The risk of sunburn depends on the amount of exposure to ultraviolet B rays. The intensity of these ultraviolet light is dependent on a lot of factors including latitude or proximity to the equator. Thankfully, living in Wisconsin, this does not tend to be the primary risk for sunburn; however, when Wisconsinites travel for vacation to Mexico or other countries closer to the equator, they need to remember that their risk of sunburn is significantly higher, even with the same amount of time in the sun.
The time of day also influences the risk, and midday poses the highest risk. Clouds can provide some protection against the UV rays, but significant quantities of UV light still filters through the clouds and can still cause sunburns.

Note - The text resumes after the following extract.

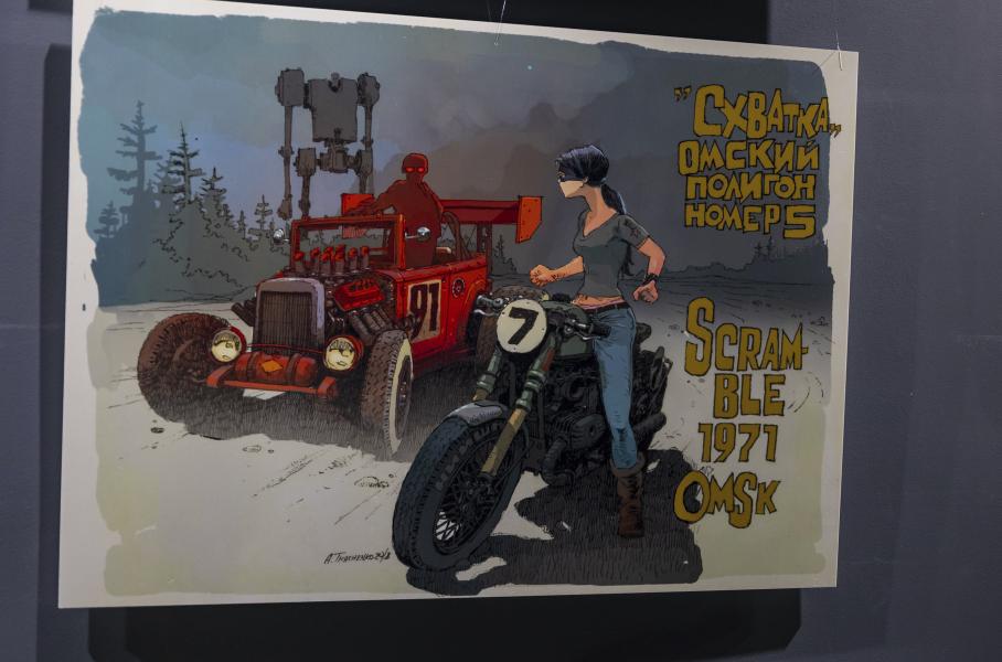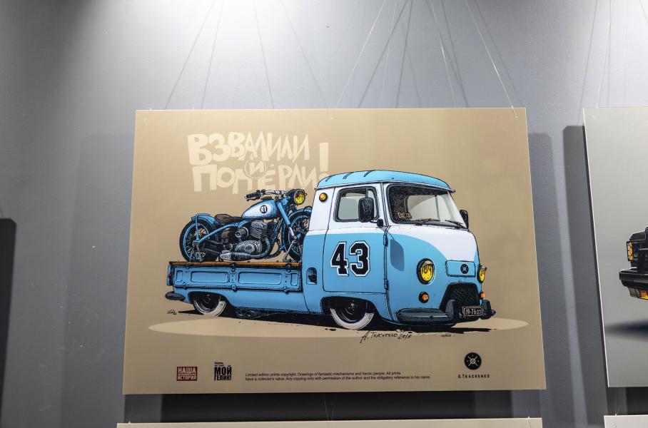 Те самые картины, которые мы называем «теплый ламповый дизельпанк»В Москве на ВДНХ открылась выставка знаменитого промышленного дизайнера и художника Андрея Ткаченко. Его фантастическим работам о советской кастом-культуре в гипотетической параллельной вселенной компанию составили настоящие автомобили. Правда, на улицах вы их тоже не увидите. И это уже отличный повод посетить Музей Гаража особого назначения.

The other significant risk factor for sunburns is reflection of the sun off other surfaces, specifically water, sand, and snow. Often in the wintertime we forget about protection from the sun, but this is especially important when going outside for winter activities as the snow can reflect up to 90% of the UV rays.
Tips for Sun Protection:
- Avoid direct sunlight. When outside, seek shady or sun-protected areas, especially between the time of 10 am-4 pm. Infants under 6 months old should NEVER be in direct sunlight.
- Wear protective clothing. In the summer months, this includes lightweight, tightly woven clothing, but also brimmed hats to protect the face.
- Use broad spectrum sunscreen.
- Use SPF 30 or higher
- Apply sunscreen 15 to 30 minutes prior to sun exposure
- Reapply at least every 2 hours
- Reapply after swimming or sweating (even if “water resistant” SPF)
Frostbite is also a form of burn that occurs with injury of the tissue due to exposure to severe cold. Similar to thermal burns, there are different forms of frostbite.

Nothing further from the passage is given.